MAAS 2.6 storage tests cant be executed failing with HTTP 500


#1

Hi guys,
I’m new to MAAS, and I can’t figure out what is causing this problem.
MAAS version: 2.6.0
Hardware: 2x HP Proliant DL380p Gen 8

I Log in to the UI. I start the machines, and they are discovered.
Commissioning phase passes and all hardware tests are passing except storage once.
The storage tests are failing, but in the UI it seems like they are pending (anyway that is another issue I guess).

I didn’t find exceptions messages in the UI, I opened the KVM console for the machines, and I saw that:
Fio, smartctl-short, smartctl-validate are failing with HTTP 500.

badblocks is failing with no authorized ssh keys for user

During the install, no ssh keys were imported, that can explain maybe one failure but the other ones …

Can someone help me with this?


#2

Can you post the MAAS logs found in /var/log/maas? According to that error message the machine is unable to signal to MAAS that the test is starting which is what is causing the failure.


#3

Hello ttsvetkov,

Does the machine have a Internet?


#4

Thanks for the responses guys.
Yes, it does have internet, the test is passing


#5

@ltrager I couldn’t upload the files here but here is a link to archive of the folder.
Both archives are the same just different format.
Interesting if that is the case how the other test pass, don’t they use the same API?


#6

Thanks for the logs. This appears to be a bug in how event are emitted. However I suspect that there may be an issue detecting storage devices.

  1. Are storage devices detected after commissioning runs? You should see devices on the storage tab in the UI?
  2. Can you post the output of
    maas $PROFILE node-script-result read $SYSTEM_ID current-testing

#7

@ltrager

  1. No, storage is not detected, don’t see it in the UI

Storage devices are Samsung SSDs. All are detected in the ILO (ILO v4, firmware 2.61)

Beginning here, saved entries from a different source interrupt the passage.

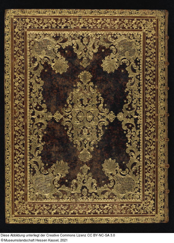 Kommentar: Der Ledereinband der Päpstlichen Chalkographie ist mit einer reichen Goldprägung versehen. Landgraf Friedrich II. erhielt den Band als Geschenk von Papst Pius VI. während seiner Reise nach Rom im Jahre 1777. Vgl. Splitter, Rüdiger: Forum Romanum. Zeitreise durch 3000 Jahre Geschichte, Petersberg 2014, S. 49. Zum Einband vgl. Schütte, Rudolf-Alexander; Wiedemann, Konrad: Einbandkunst. Vom Frühmittelalter bis Jugendstil. Aus den Bibliotheken in Kassel und Arolsen, Kassel 2002, S. 48, Nr. 55.
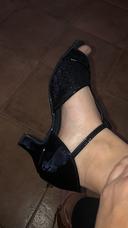 scarpe da ballo da donna con cinturino a T glitterato nero e suola in morbida pelle scamosciata – comode scarpe da ballo da sala aperte con tacco medio per salsa latina
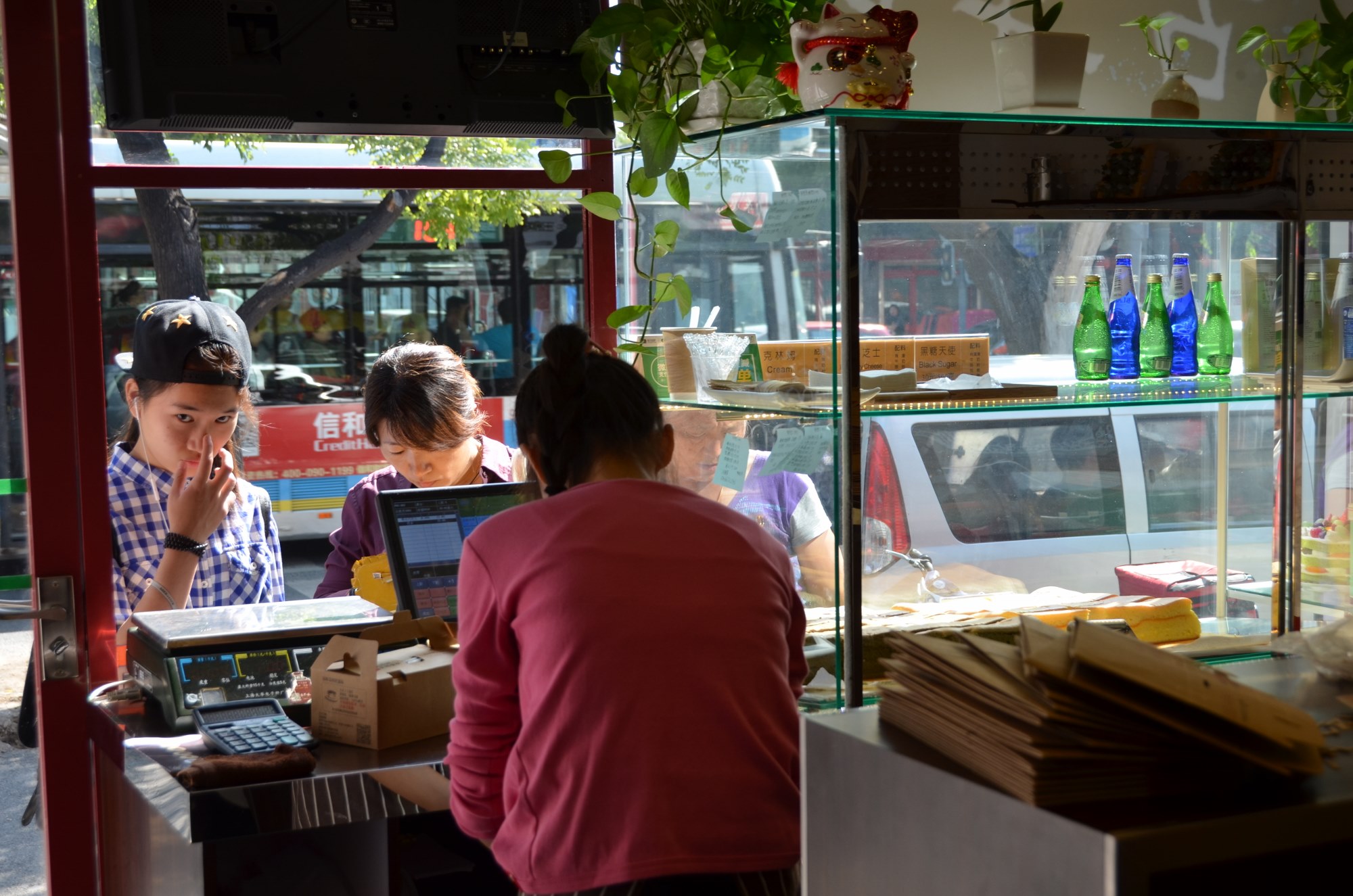 Quando passamos, pela manhã e à tarde, temos nossa turminha para o nihao: a moça da padaria onde comemos hoje, a dona e a garçonete do restaurante em que comemos dumplings 3 vezes (delicioso!), o pessoal do mercadinho onde compramos água, o cara da conveniência que sempre vende a última cerveja do dia – e que sempre abre a garrafa de 500 ml para virmos caminhando até o hostel e bebendo.
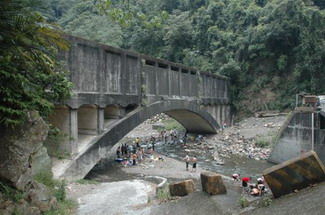 位在南投縣水里鄉的過水橋建於日據時期,顧名思義為一座供「水」通行的橋樑,大觀發電廠發電後的尾水經由過水橋引至台電鉅工發電廠二次利用,若水量過剩機組無法消耗時便會自過水橋兩旁的十個水孔溢出,滿水時磅礡的水流氣勢驚人,加上周圍是水源保護區,自然生態未遭受破壞,形成獨特的景致,耳邊的蟲鳴鳥叫,偶爾還可見到獼猴的蹤跡,有如世外桃源般幽靜。
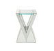 Brighten up your space with this stunning end table. With its distinctive V shaped pedestal base, this table is one your friends and family will all be envious of and will be talking about for years to come. The faux diamond inlay adds the right amount of texture and will reflect light magically. Glam meets function with its ample glass table top. You will be able to store and display all your goods.
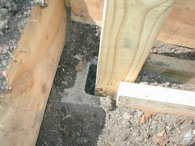 Para evitar ciertos problemas con permisos de construcción de la ciudad molesta, construí la altura del galpón de estructura y no vierta el concreto de la Fundación. Enterré en su lugar bloques de cemento para estabilizar los postes esquineros de 4 x 4. Mantenga de una pulgada en movimiento.
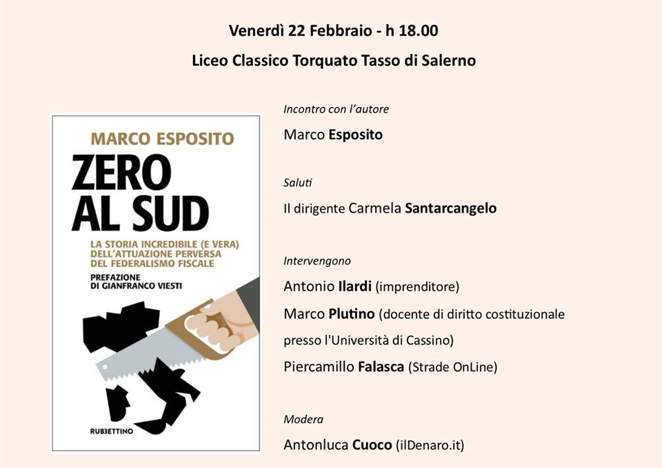 Assieme a Marco Esposito, ci saranno gli interventi della dirigente scolastica del liceo Tasso, Carmela Santarcangelo, dell’imprenditore salernitano, Antonio Ilardi, del professore di diritto costituzionale, Marco Plutino, del direttore editoriale di Strade OnLine, Piercamillo Falasca e del collaboratore del Denaro.it – Antonluca Cuoco, quale moderatore dell’incontro aperto al pubblico ed animato anche dai ragazzi del liceo salernitano.
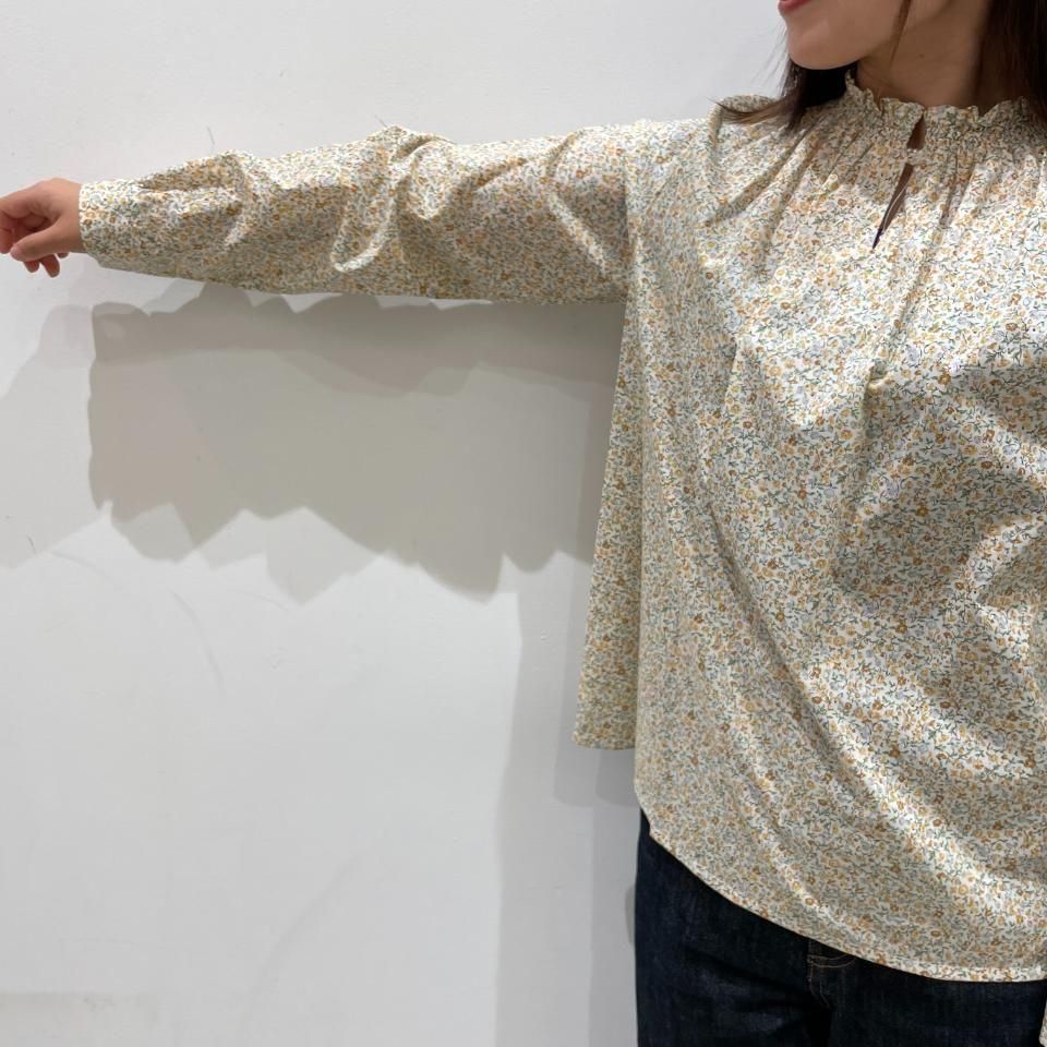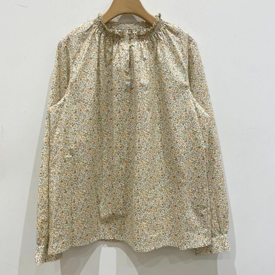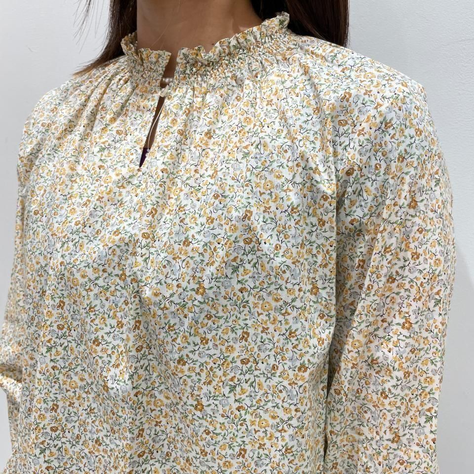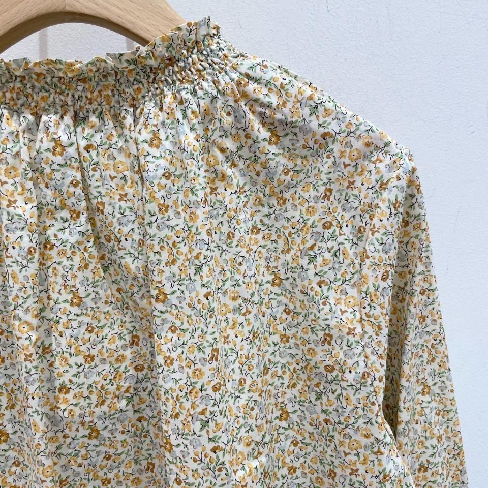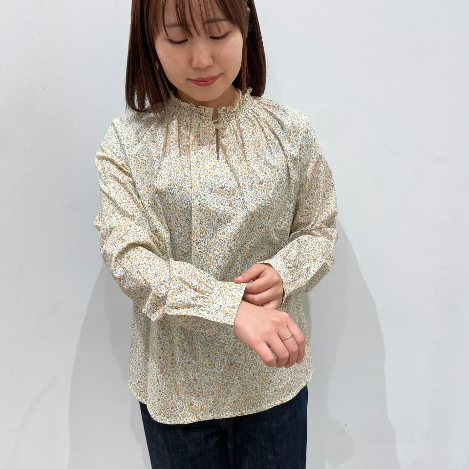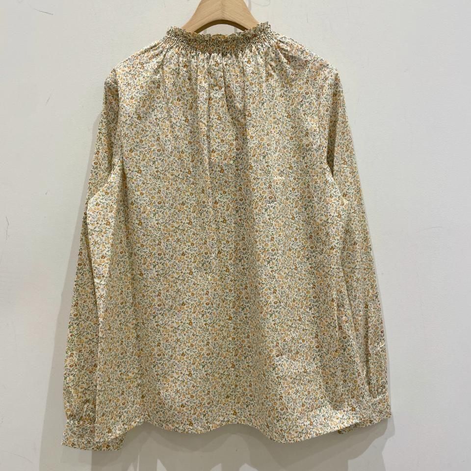 リバティプリントの襟シャーリング 前スリット開きブラウス。
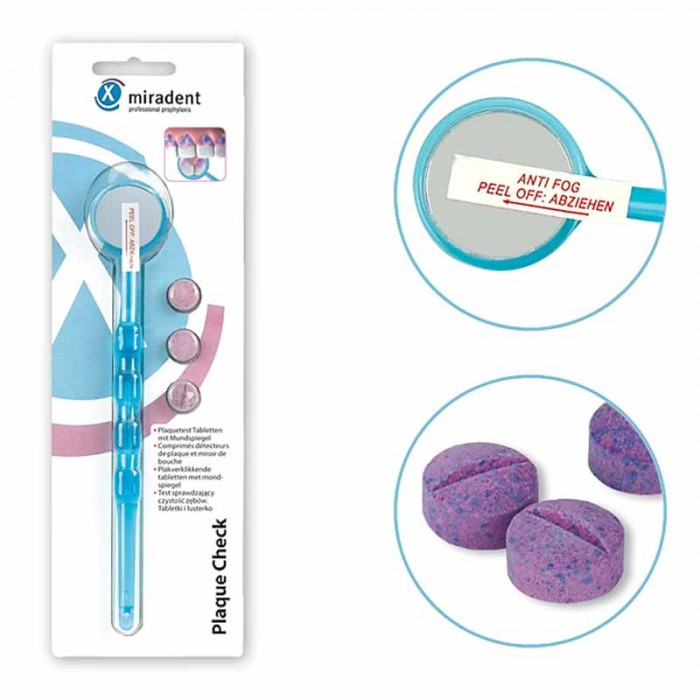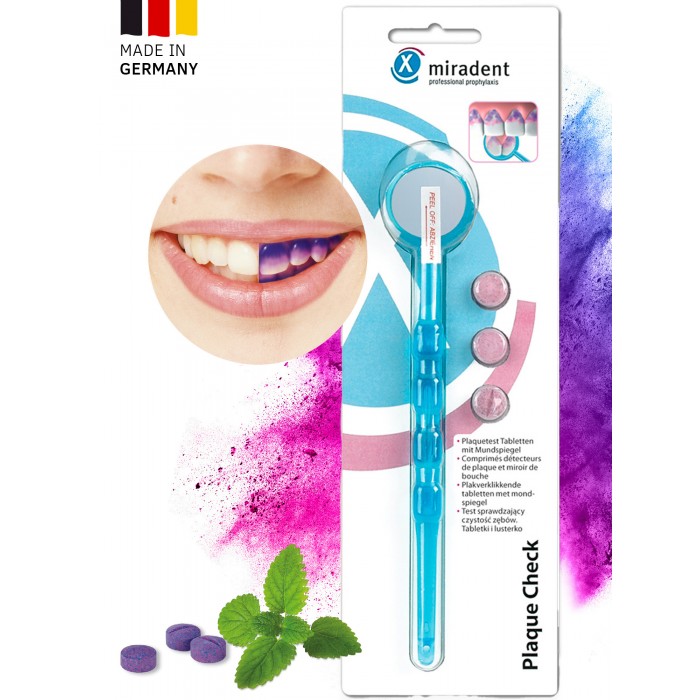 Набор Mira Plaque Check от производителя Miradent — состоит из зеркала и трех таблеток для индикации зубного налета. Комплект идеально подходит для самостоятельного определения, насколько качественно и правильно вы чистите зубы.
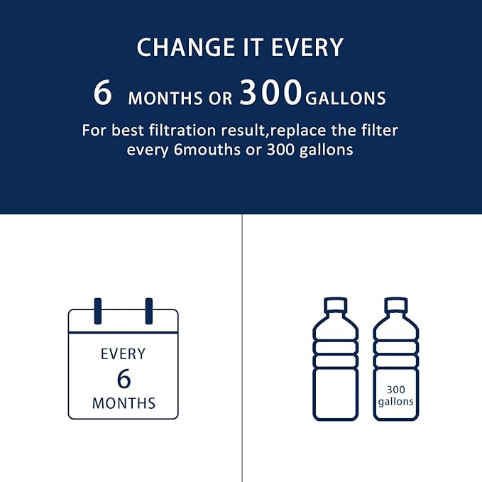 - Maintain Peak Performance & Taste: For optimal water quality and taste, replace this filter every 6 months or after filtering 300 gallons, whichever depends on the water condition. Regular replacement prevents clogging and ensures continued effective filtration
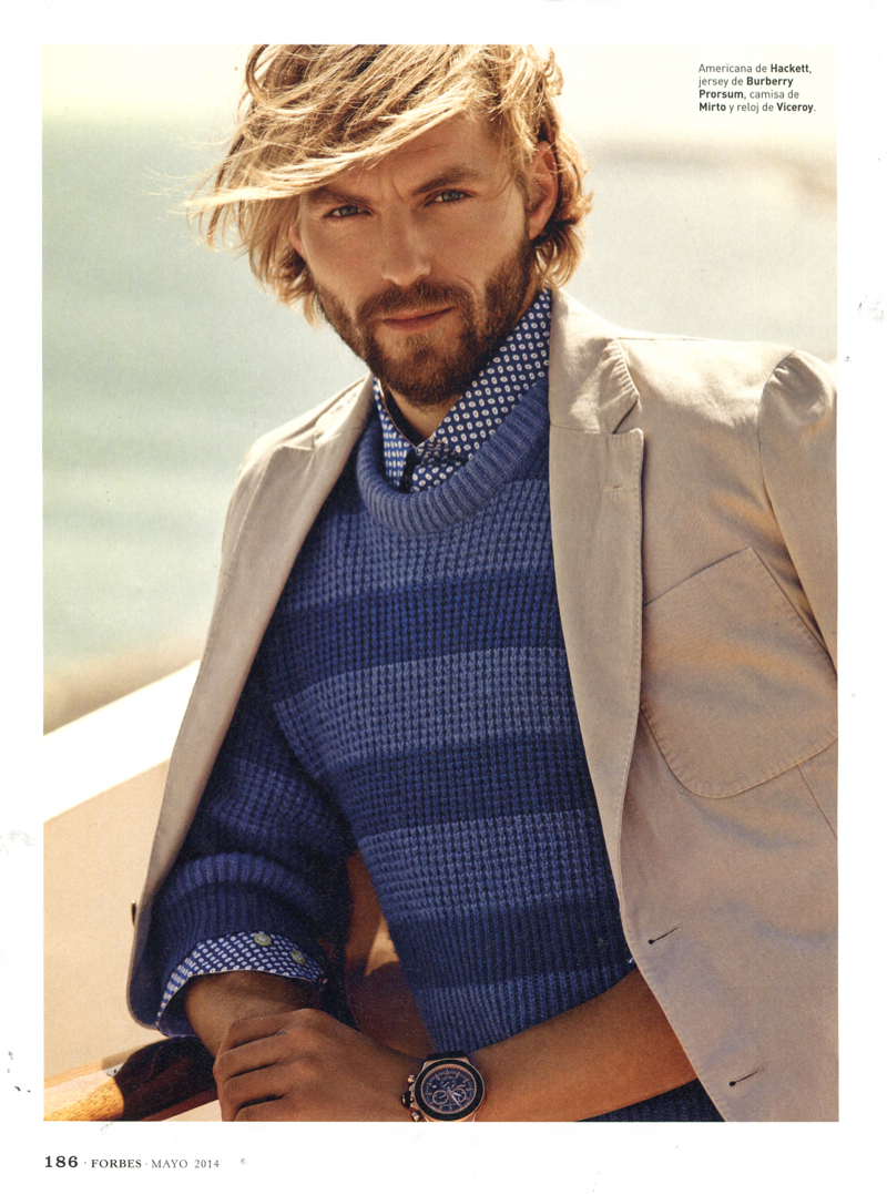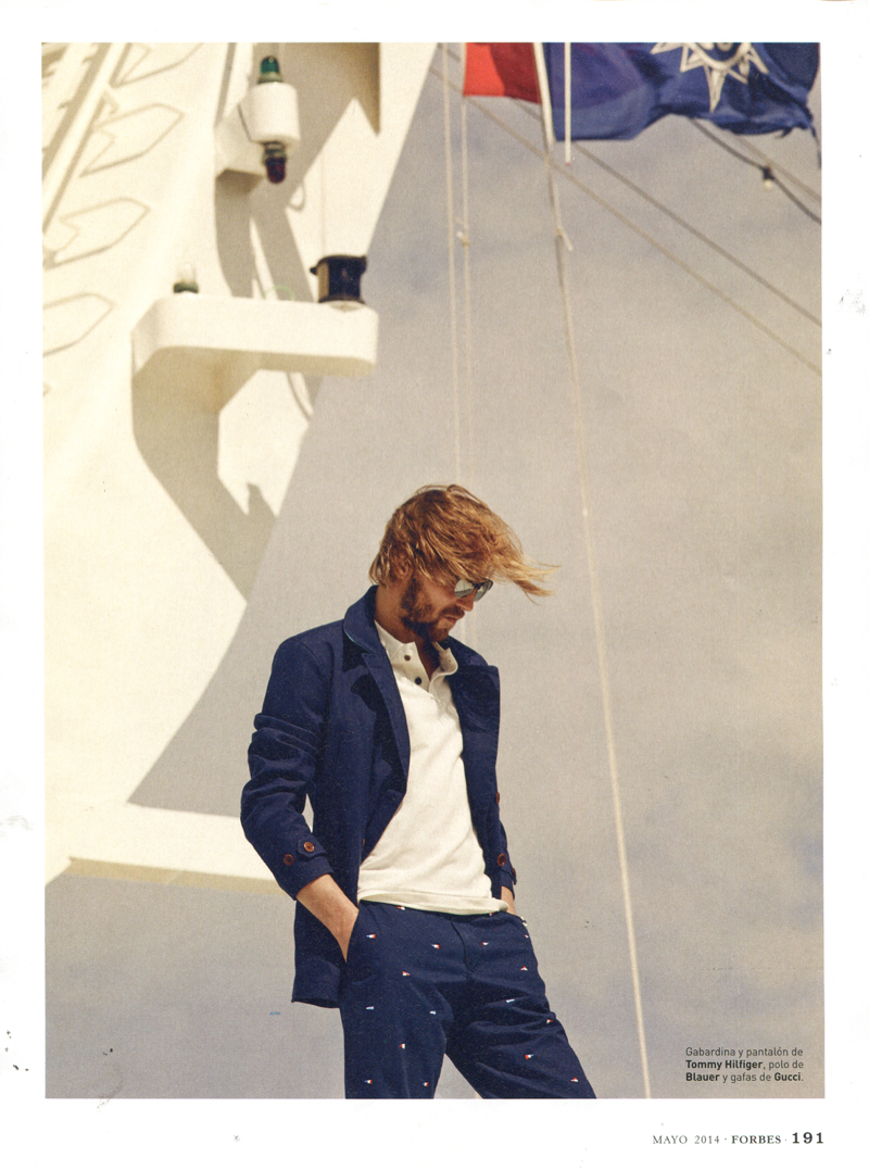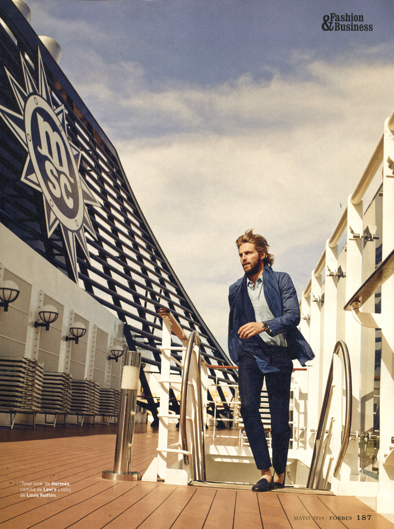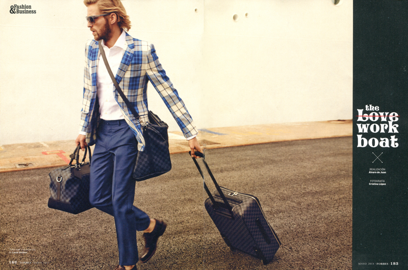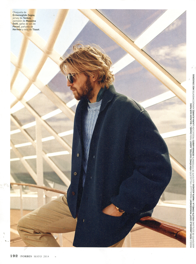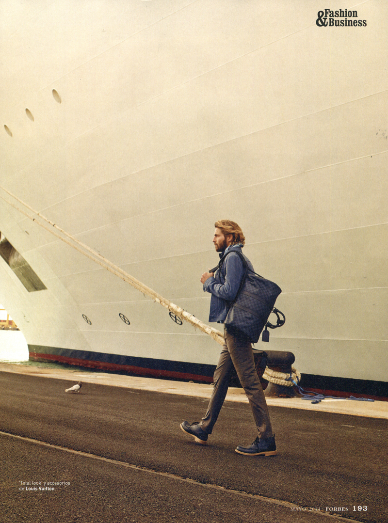 The Love Work Boat–Photographed by Cristina Lçopez, Sight Management model Rein Langeveld snags a luxe editorial for this month’s edition of Forbes Spain. Alvaro de Juan styles the spread, creating a timeless spring wardrobe for the man of style. Heading out to sea with a Louis Vuitton carryall in toll, Rein is pictured in garments from brands that include Massimo Dutti and Ermenegildo Zegna.

  1. The output - command is invalid

tuser@maas:~$ maas $PROFILE node-script-result read $SYSTEM_ID current-testing
usage: maas [-h] COMMAND …

optional arguments:
-h, --help show this help message and exit

drill down:
COMMAND
login Log in to a remote API, and remember its description and
credentials.
logout Log out of a remote API, purging any stored credentials.
list List remote APIs that have been logged-in to.
refresh Refresh the API descriptions of all profiles.
init Initialize controller.
apikey Used to manage a user’s API keys. Shows existing keys unless
–generate or --delete is passed.
configauth Configure external authentication.
createadmin Create a MAAS administrator account.
changepassword
Change a MAAS user’s password.

argument COMMAND: invalid choice: ‘node-script-result’ (choose from ‘login’, ‘logout’, ‘list’, ‘refresh’, ‘init’, ‘apikey’, ‘configauth’, ‘createadmin’, ‘changepassword’)


#8

You are using the non-standard port 5248, I’m assuming you changed that somewhere? Hopefully that’s not the problem.


#9

I’ve posted a patch to fix LP:1840181 however that isn’t the root of your problem. MAAS isn’t detecting that the your system has any storage devices. If you click on the ‘Commissioning’ tab what is the output of the script 00-maas-07-block-devices?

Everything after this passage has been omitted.